*EXERCISE REQUIREMENTS*: Nothing but the lines from the start of the entries through the line holding "見た目はスーツ+ネクタイの仕" is to be repeated, exactly and with pictures excluded.

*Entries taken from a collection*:
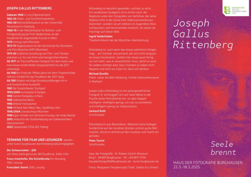 Ab Samstag, 22. März 2025 können sich die Besucher selbst ein Bild davon machen. Um 19 Uhr wird an diesem Abend die Ausstellung JOSEPH GALLUS RITTENBERG ∙ Seele brennt im Haus der Fotografie in Burghausen eröffnet.
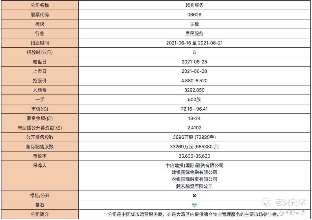 保荐人是2家银行+自家券商+中信建投,主保荐人农银历史业绩平平,属于涨跌幅都不大的那种,除了上市割韭菜的合景悠活大跌和赶上行情大好时发行的网上车市大涨,其余涨跌幅都在10%以内。稳价人为自家券商越秀融资,稳价历史只有一次,不能说明什么问题,这次为自家人护盘,大概会卖力吧。
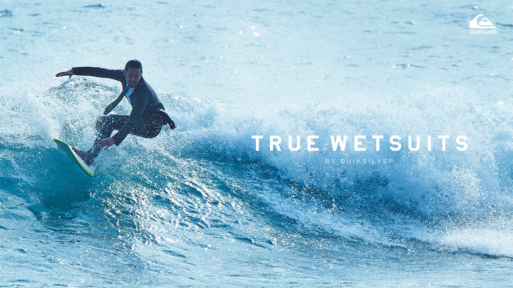 見た目はスーツ+ネクタイの仕事仕様そのままだが、なんと正真正銘のウェットスーツである。これ、ウケ狙いやなんちゃってアイテムでもなんでもなく、世界中のサーファーから支持されるあのクイックシルバーが作った、あらゆるウォータースポーツを楽しめるウェットスーツであり、さらにはスポーツ後のビジネスシーンでも使えるスーツでもある、という代物。
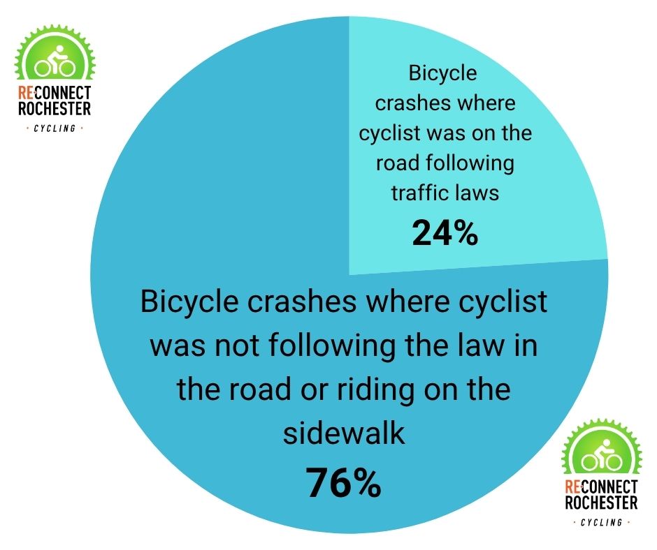 As promised, we wanted to follow up our March blog examining the most common cyclist crash in Monroe County with further analysis. A huge component of safety is knowing what those common crash scenarios are and what we can do to significantly diminish the likelihood of our involvement in them. Though this article focuses more on road user behavior and errors, know up front that Reconnect Rochester spends most of our time focusing on better street design (engineering!) as the best solution.
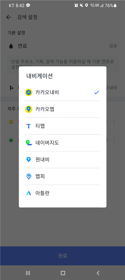 내가 즐겨 사용하는 내비게이션을 등록해두면
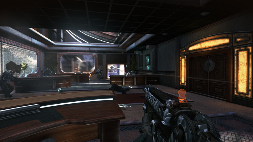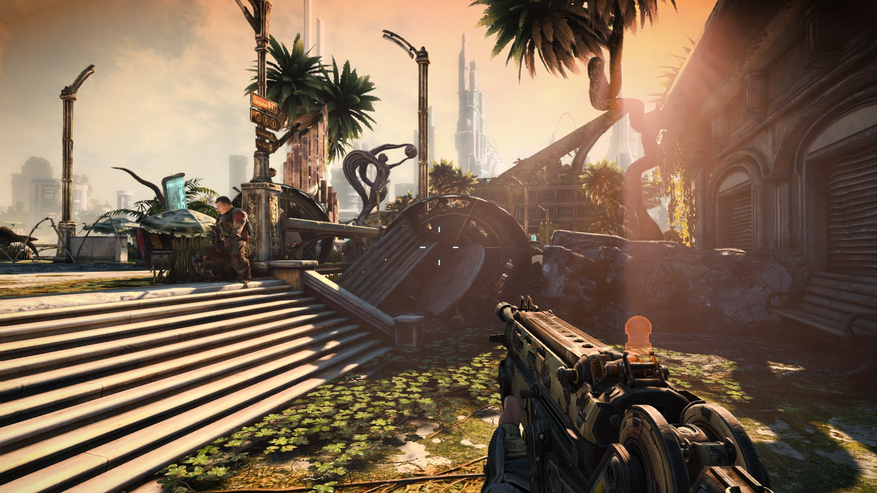 Другие же утверждают, что этот фильтр, напротив, подчёркивает атмосферу преимущественно пустынной планеты. Поиграв с настройками, благо можно переключать настройки без перезапуска игры, я пришёл к выводу, что оригинальная графика лучше. А ведь оригинальная игра вышла в 2011 году, а Bulletstorm: Full Clip Edition увидела свет в 2017 году.
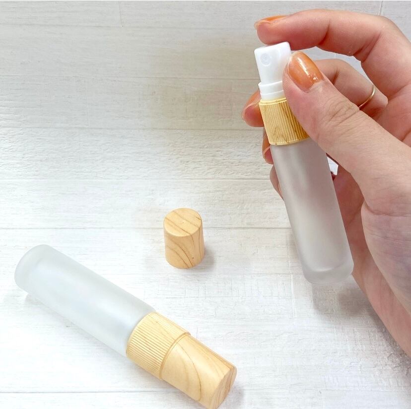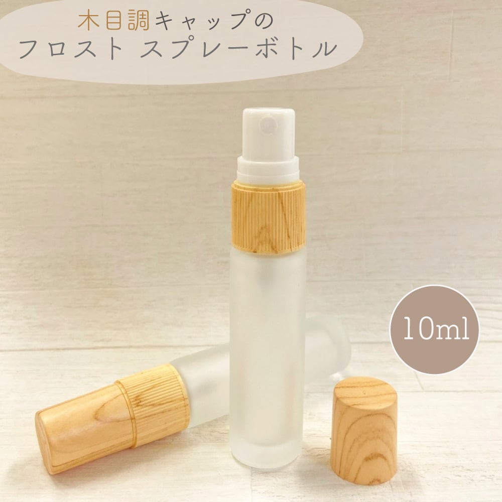 【木目調キャップ スプレーボトル】10ml 1本 ガラス フロスト加工 美容 香水 アロマ 遮光瓶 ボトル 精油 エッセンシャルオイル 霧吹き 携帯 旅行 持ち運び ミスト 手指消毒 コスメ 化粧水 ナチュラル 北欧 木製 詰替容器 詰め替え
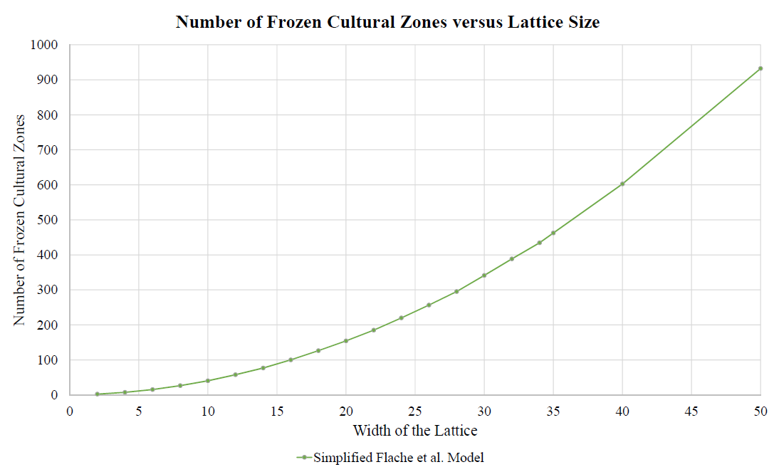 In our Social Influence Model we observed (see Figures 3 and 6) a marked increase in diversity compared to the original Axelrod model owing to the introduction of a neighborhood-based social-influence factor into our model. It is interesting to test how sensitive this finding is to the details of the particular social-influence factor we used. Towards this end, we numerically examined the corresponding behavior in an earlier social-influence-type model first studied by Flache & Macy (2011). In order to make this comparison, we first stripped down the Flache & Macy (2011) model by removing a perturbative component in the model that allowed it to evolve indefinitely. By removing this component, an absorbing state can be reached and the number of frozen zones counted. Flache & Macy (2011) anticipated that there should be an increase in heterogeneity associated with their social-influence factor. We confirmed this finding - see Figure 20 - but observed some features which warrant discussion. Most notably, a comparison of Figure 20 with Figure 3 shows that the while both models exhibit similar qualitative amplification of heterogeneity with lattice size, the actual number of frozen zones in the Flache & Macy (2011) model is manyfold larger. We believe this can be traced to an essential difference in how social influence is incorporated into each model. In our Social Influence Model, the algorithm is such that the system will always evolve into an absorbing state in which the agents in a given frozen zone never share any trait values in common with agents in a neighboring frozen zone. However, in the Flache & Macy (2011) scheme, the social-influence algorithm employed uses a type of minimum-threshold update rule. This in turn means that once an absorbing state is reached, it is possible that the agents in one frozen zone may still have a trait value for a given feature which is the same at that of an agent in an adjacent frozen zone. Owing to this possibility of ‘trait overlap’ between frozen zones, the resulting total number of frozen zones in this case is notably larger than in the Social Influence Model. Despite these quantitative differences, however, we emphasize that both social-influence schemes produce an increase in diversity with lattice size, suggesting that despite quantitative differences, the underlying qualitative mechanism promoting diversification operates similarly in both systems.

*SOLUTION FOR THIS TASK*:
 Ab Samstag, 22. März 2025 können sich die Besucher selbst ein Bild davon machen. Um 19 Uhr wird an diesem Abend die Ausstellung JOSEPH GALLUS RITTENBERG ∙ Seele brennt im Haus der Fotografie in Burghausen eröffnet.
 保荐人是2家银行+自家券商+中信建投,主保荐人农银历史业绩平平,属于涨跌幅都不大的那种,除了上市割韭菜的合景悠活大跌和赶上行情大好时发行的网上车市大涨,其余涨跌幅都在10%以内。稳价人为自家券商越秀融资,稳价历史只有一次,不能说明什么问题,这次为自家人护盘,大概会卖力吧。
 見た目はスーツ+ネクタイの仕事仕様そのままだが、なんと正真正銘のウェットスーツである。これ、ウケ狙いやなんちゃってアイテムでもなんでもなく、世界中のサーファーから支持されるあのクイックシルバーが作った、あらゆるウォータースポーツを楽しめるウェットスーツであり、さらにはスポーツ後のビジネスシーンでも使えるスーツでもある、という代物。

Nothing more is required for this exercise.